● Data excerpt:
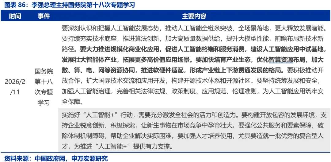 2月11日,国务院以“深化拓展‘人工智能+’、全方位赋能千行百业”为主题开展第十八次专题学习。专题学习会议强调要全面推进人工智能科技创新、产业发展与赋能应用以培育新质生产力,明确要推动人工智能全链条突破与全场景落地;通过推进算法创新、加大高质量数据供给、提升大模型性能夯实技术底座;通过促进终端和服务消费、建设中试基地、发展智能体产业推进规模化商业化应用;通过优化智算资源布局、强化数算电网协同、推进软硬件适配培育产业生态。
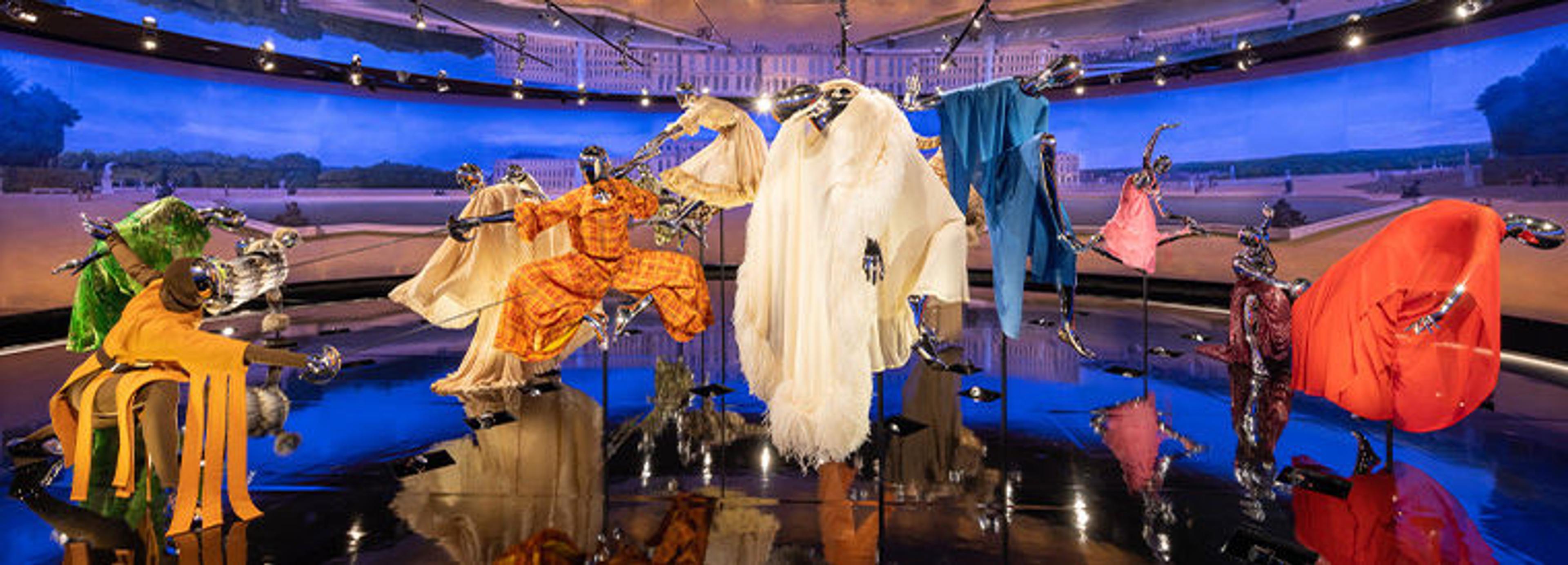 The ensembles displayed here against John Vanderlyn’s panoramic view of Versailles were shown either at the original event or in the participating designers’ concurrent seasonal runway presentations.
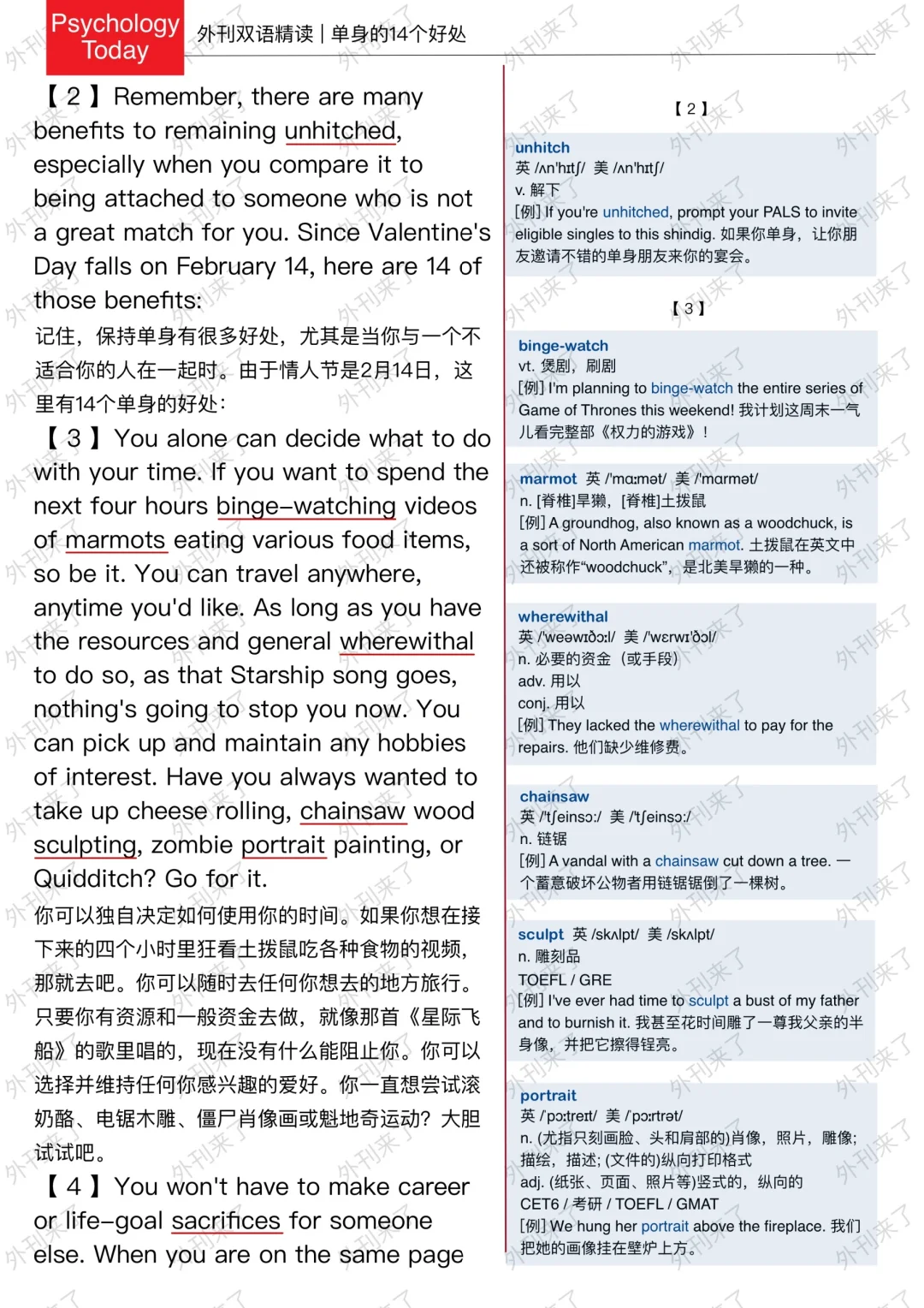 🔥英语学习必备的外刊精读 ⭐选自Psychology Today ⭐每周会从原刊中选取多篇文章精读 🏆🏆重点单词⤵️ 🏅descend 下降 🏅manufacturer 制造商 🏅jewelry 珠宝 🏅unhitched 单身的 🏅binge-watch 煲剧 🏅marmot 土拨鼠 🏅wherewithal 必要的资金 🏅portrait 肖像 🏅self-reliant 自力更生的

● Directions for this task: Word for word, reproduce the material above and omit each image.

● Response to this task:
 2月11日,国务院以“深化拓展‘人工智能+’、全方位赋能千行百业”为主题开展第十八次专题学习。专题学习会议强调要全面推进人工智能科技创新、产业发展与赋能应用以培育新质生产力,明确要推动人工智能全链条突破与全场景落地;通过推进算法创新、加大高质量数据供给、提升大模型性能夯实技术底座;通过促进终端和服务消费、建设中试基地、发展智能体产业推进规模化商业化应用;通过优化智算资源布局、强化数算电网协同、推进软硬件适配培育产业生态。
 The ensembles displayed here against John Vanderlyn’s panoramic view of Versailles were shown either at the original event or in the participating designers’ concurrent seasonal runway presentations.
 🔥英语学习必备的外刊精读 ⭐选自Psychology Today ⭐每周会从原刊中选取多篇文章精读 🏆🏆重点单词⤵️ 🏅descend 下降 🏅manufacturer 制造商 🏅jewelry 珠宝 🏅unhitched 单身的 🏅binge-watch 煲剧 🏅marmot 土拨鼠 🏅wherewithal 必要的资金 🏅portrait 肖像 🏅self-reliant 自力更生的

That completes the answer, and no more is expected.